Care sorelle e cari fratelli, non è che noi credenti abbiamo parole che spiegano tutto con chiarezza. Sarebbe anzi una tentazione, anche perché una volta chiarito si volterebbe irresponsabilmente pagina. In verità c’è un mistero insondabile del Male che fa parte della nostra vita e che chiede una continua vigilanza. Sì, se gli uomini non hanno le risposte a tutto, una cosa chiara però è stata rivelata a noi credenti: Dio è Padre buono che non permette al Male di inghiottirci nel nulla. Questo noi crediamo e questo dobbiamo annunciare al mondo. Se le onde del mare impazzito hanno sottratto i figli ai genitori, non li hanno però sottratti a Dio che è stato più forte e più veloce dell’onda. Essi sono nelle mani di Dio e nessun tormento più li toccherà. In verità, Dio, fin dalla creazione sta lottando contro quell’alleanza tragica che l’uomo ha stretto con il serpente, ossia con il principe della violenza e della divisione, il demonio. È una lotta che si svolge dentro i cuori degli uomini e che coinvolge la stessa creazione. L’apostolo Paolo, infatti, scrive che la creazione stessa geme e soffre le doglie del parto sino a giungere ai cieli nuovi e alla terra nuova di cui parla l’Apocalisse. I terremoti e i disastri naturali, pertanto, non significano la punizione di Dio. No, non sono una punizione di Dio; sono semmai il risultato di un impasto terribile del male con la storia dell’uomo e del creato. Siamo semmai chiamati a ricercare anche le responsabilità degli uomini per i disastri naturali che avvengono. Abbiamo ascoltato, per fare un solo esempio, chi parlava dell’utilità della strumentazione tecnica per prevenire e comunque preavvertire gli eventuali disastri naturali. Purtroppo in quell’area non c’era nessuna strumentazione. C’è insomma un legame tra l’uomo e il creato che va riconsiderato con attenzione. Quando infatti tale rapporto viene alterato o peggio avvelenato si preannunciano disastri terribili. Gli uomini e il mondo hanno bisogno di trovare un nuovo modo di rapportarsi.

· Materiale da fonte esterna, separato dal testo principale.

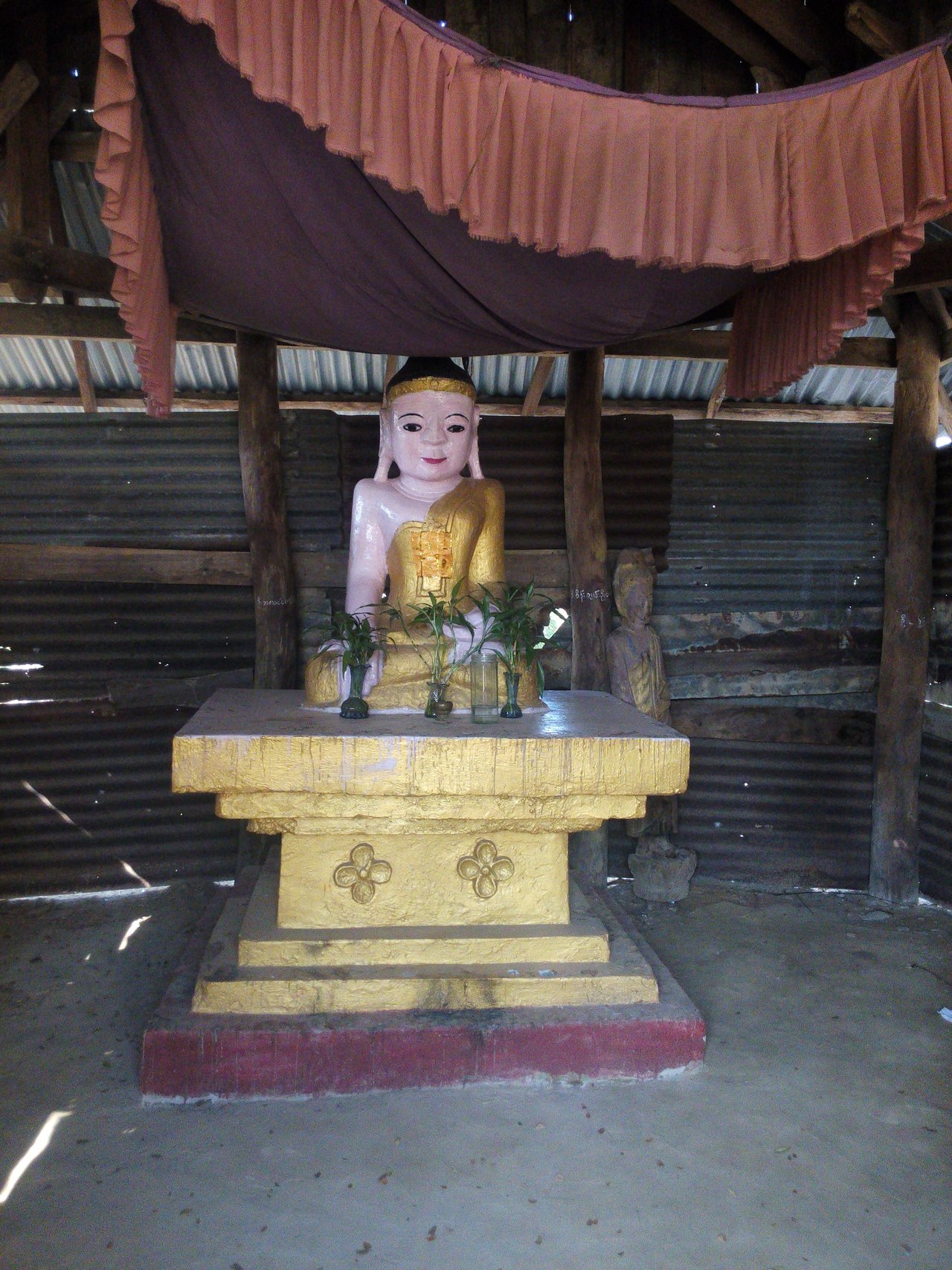 ေစတီနဲ႔ မလွမ္းမကမ္းတြင္ေတာ့ ဘုရားေက်ာင္းေဆာင္တစ္ခု ရိွေနခဲ့ပါတယ္။ဘုရားေက်ာင္းေဆာင္ရဲ႕ ေရွ႕မ်က္ႏွာကိုေတာ့ သံျဖဴမ်ားျဖင့္ ကာရံထားၿပီး လူတစ္ကိုယ္စာသာ အ၀င္ေပါက္တစ္ခုသာ ျပဳလုပ္ထားသည္ကိုေတြ႔ရိွခဲ့ပါတယ္။ထိုသို႔ဘာေၾကာင့္ကာရံထားသလဲဆိုေသာ အေတြးကိုက အထဲမွာ ဘုရားရိွမယ္ဆိုတာ သိေသာ္လည္း ပိုမိုဖူးေျမာ္ခ်င္စိတ္မ်ား ေပၚေပါက္လာခဲ့ျပန္ပါတယ္။

Tra le molte riflessioni che sorgono da questa tragedia ce n’è una che vale la pena sottolineare, ed è l’indispensabile dimensione universale che ciascuno di noi è chiamato a vivere. In questi ultimi anni è stato facile guardare al proprio particolare, è stato normale pensare ai propri interessi, a quelli della propria area, o a quelli del proprio gruppo o della propria civiltà. Oggi ci accorgiamo che questo non è più possibile. Questa tragedia ci mostra che stiamo tutti sulla stessa terra, sulla stessa barca. Fino a ieri nessuno parlava dei 60 mila morti nello Sri Lanka. Oggi, la presenza di morti del mondo intero in quell’area, ci apre gli occhi, il cuore e spero anche la mente. Questa immensa sciagura ci fa capire che l’uomo è chiamato ad un destino universale, che ogni situazione di ingiustizia, in qualsiasi parte del mondo avvenga, ci riguarda personalmente, ci appartiene. Sì, fino a ieri avevamo la vista corta. Oggi possiamo avere una nuova coscienza, quella di appartenere al mondo intero.


E questa coscienza sta nascendo. E la si deve in quella straordinaria solidarietà universale che sta traversando i cuori di tutti, nessuno escluso. Ed è ben più larga di quella contro il terrorismo, ed è ben più profonda. Essa tocca il sorgere di un nuovo modo di vivere nel mondo, con una coscienza che fa emergere quella fraternità universale che ci avvicina di più gli uni agli altri e che trova il suo fondamento nell’unica paternità di Dio. Sì, care sorelle e cari fratelli, questa tragedia immane ci fa comprendere che non siamo creatori, che non possiamo confidare solo in noi stessi. Siamo creature deboli che hanno bisogno di affidarsi al Signore e che debbono stringersi finalmente in una fraternità che non consoce confini. Nel dramma del diluvio che ha travolto innumerevoli fratelli e sorelle nei gorghi della morte emerge l’arcobaleno della fraternità. In questo cielo dell’amore può volare la colomba della pace con quel ramo di ulivo così caro alla nostra terra umbra. Possiamo allora cantare, anche con il dolore nel cuore, Te Deum laudalmus perché la morte è vinta dall’amore, perché il bene vince il male. Te Deum laudamus perché non ci lasci in balia del caso, ma ancora una volta ci vieni accanto per guidarci con la tua grazia nel nuovo anno.